Posted to commits@druid.apache.org by GitBox <gi...@apache.org> on 2020/06/23 06:43:24 UTC

[GitHub] [druid] clintropolis commented on issue #4080: Better long and float column compression

clintropolis commented on issue #4080:
URL: https://github.com/apache/druid/issues/4080#issuecomment-647942876


   Hi @CmdrKeen,
   Apologies in advance for the wall of text. 
   
   #6016 captures much of my experiments and findings into this so far. For integer compression of dictionary encoded string columns, FastPFOR is a very solid improvement in many cases, but was not always better across the board for some value distributions. However the strategy taken in #6016, which uses it as part of an approach that attempts to find the "best" encoding for a given set of values at ingestion time, I feel has been at least proven as viable in that PR.
   
   The main stalling point I ran into was when I wired up the C++ implementation of FastPFOR to Druid through JNI and ran into the situation where the C++ and Java implementations are not actually compatible (and don't claim to be, I was just experimenting to see if I could make it go faster). The performance increase of the C++ version make it worth using, but it is also necessary to have a fallback to pure java for cases when the compiled native version is not available for a platform.

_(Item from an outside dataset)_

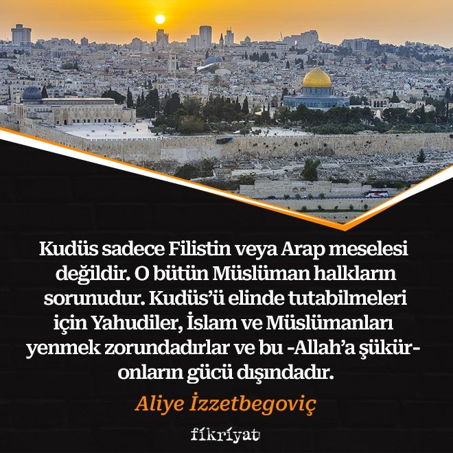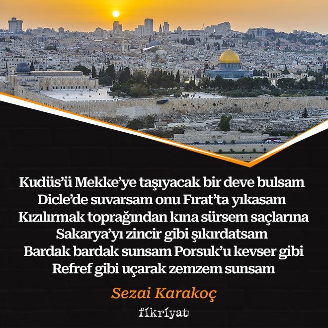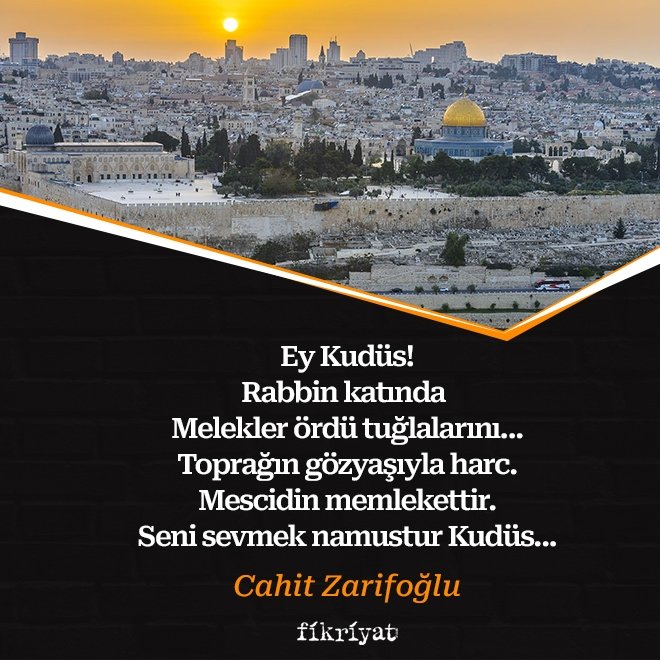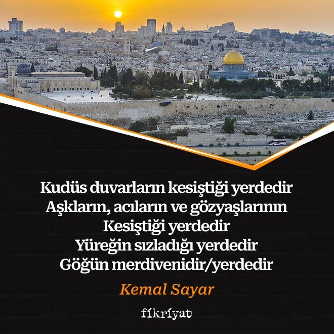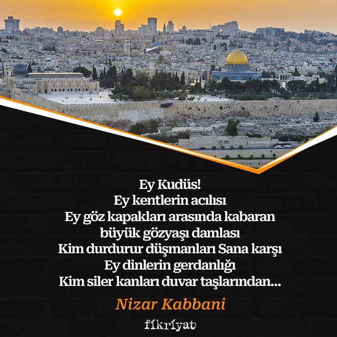 Kadim şehir Kudüs, üç semavi din için de kutsal sayılır. Müslümanların hakimiyeti altında olduğu dönem dışında yaşanan çatışma ve huzursuzluklar ile gündeme gelen Kudüs, Müslümanların ilk kıblesi olan Mescid-i Aksa'yı içinde barındırması hasebiyle önem arz eder. Müslümanlar için kapanmayan bir yara olan Kudüs meselesini birçok mütefekkirimiz dert edinerek konu hakkında yazılar ve şiirler kaleme almıştır. Sizin için Kudüs'e dair alıntılar derledik.

I also think the 'native' version of my branch in that PR is a bit cleaner of an implementation since it deals in bytebuffer/memory locations rather than on heap arrays like the branch associated with #6016 itself (see https://github.com/clintropolis/druid/compare/shapeshift...clintropolis:shapeshift-native for the jni branch differences). 
   
   I've been intending to pick this back up for like... over a year now, but I just haven't been able to prioritize it to bring it to the finish line. I did "dust off" the branches and start testing stuff a few months ago, but haven't pushed my changes to fix conflicts and to add vectorization support after #6794 or really had the chance to make any material progress on finishing it.
   
   I think the next steps are creating a version of FastPFOR in pure Java that is compatible with the C++ version, that preferably reads to/writes from little endian `ByteBuffer` from the mapped segments so that the simpler interfaces defined in the 'native' version of the branch can be used. Besides making it so we can utilize the faster JNI/native version when available (which is how lz4-java currently behaves), and it also doesn't suffer from the additional heap memory footprint that the version in the PR has.
   
   In https://github.com/lemire/FastPFor/issues/42, @lemire has suggested that making a compatible version is non-trivial but might not take more than a few days or a week or so. My problem has been finding a continuous chunk of time to devote to fully understanding the C++ implementation and then of course doing the compatible Java implementation.
   
   Much of the benchmarking will need repeated against the latest version of Druid, with a more heavy focus on vectorized reads, though I was already benchmarking against #6794 while it was in progress and my branch was competitive at the time, so many of the measurements might still be close to true.
   
   The other part that has given me some pause more recently, is thinking about how potentially more of the low level column reads of Druid could be pushed into native code, beyond just decompressing chunks of values, and what that might look like and how that might change implementation of what has been done in the prototype thus far (if at all). I expect the strategy and physical column layout itself wouldn't really change, just a lot more of the code implemented in java right now would be pushed to native code, so this might not be worth worrying too much about.
   
   Lastly, for some further thinking with regards to native processing, I think there are probably some unresolved questions about whether the new column format suggested in my PR (or any larger segment format) changes would be worth further modifying so that data in the segment would be well aligned to work with vectorized CPU instructions. This might not be an issue worth considering at all, I mostly want to make sure because segment format changes are among the riskiest changes to make. Once released they must remain supported for backwards compatibility for very long cycles, so it feels very important to get any new stuff right.
   
   Anyway, thanks for bringing this issue back to my attention and starting the discussion. Thinking about it to respond to your question has given me some motivation to .. well at minimum at least keep thinking about it a bit more, but maybe we can actually get this moving again :sweat_smile:.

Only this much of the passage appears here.